Conan Doyle's Sherlock Holmes stories, Le Fanu's Carmilla, Italo Calvino's The Baron in the Trees and Murakami's Hard-Boiled Wonderland and the End of the World are great and more or less fit all of your criteria.
I'm also going to recommend some stuff that fits most of your requirements:
Calvino's Cosmicomics and Borges' Ficciones are excellent and wonderfully imaginative. They don't really fit your criterion of not being "too abstract or too philosophical," but they're short story collections so you only have to digest like a dozen pages at a time (often less).
The Count of Monte Cristo is a fairly straightforward and very enjoyable adventure story. However, it's 1300 pages long (if you get the unabridged version, which you should). But it's very engaging -- I got so absorbed I read the last 500 pages in one go.

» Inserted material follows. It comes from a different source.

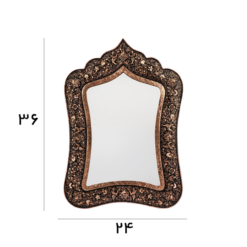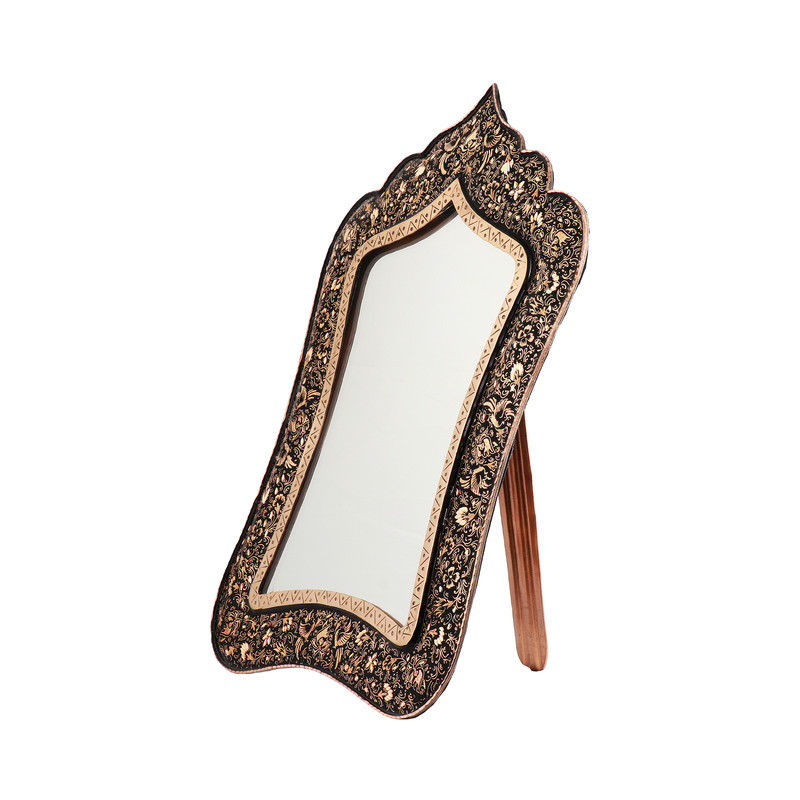مشخصات فیزیکی: این آینه دارای ابعاد 36 در 24 سانتیمتر است و از جنس مس ساخته شده و با هنر اصیل الماستراش اصفهان مزین گردیده است. نقوش ظریف و درخشان حک شده روی بدنه به وسیله قلم های تیغ الماس، نمایی چشمگیر از هنر قلمزنی ایرانی را به نمایش میگذارد. تضاد رنگ مس براق با زمینهی تیره که جلوه ای از قدرت و ثروت دارند و همچنین خطوط درخشان، آن را به انتخابی خاص برای دکوراسیون و هدیه تبدیل کرده است. اندازهی مناسب این اثر باعث میشود بهراحتی در ویترین، میز پذیرایی یا دکور منزل جای گیرد.

Sabatini's Captain Blood and The Sea Hawk are also very enjoyable adventure stories -- real page-turners -- and they fit your length requirement. However, you'll probably have to look up a fair number of words while reading (but it's totally worth it).
The Iliad is about 600 pages long, but few books are as engaging and action-packed (aside from a long list of ships in the second chapter which you would do well to just skim over). I would recommend the Lattimore translation. Fagles' translation is easier to read but that ease comes at the cost of beauty.
Ovid's Metamorphoses is about 500 pages long, but it's essentially a long sequence of short stories (mostly Greek myths with some Roman ones towards the end). And the stories are amazing. I cannot emphasize enough how wonderful this book is. It stands alongside the Iliad as hands down my favourite work of fiction. I read the Mandelbaum translation, but I've also heard great things about the translation by Melville (and I've read Melville's Thebaid translation, which was excellent, so I don't doubt that his Metamorphoses is good too).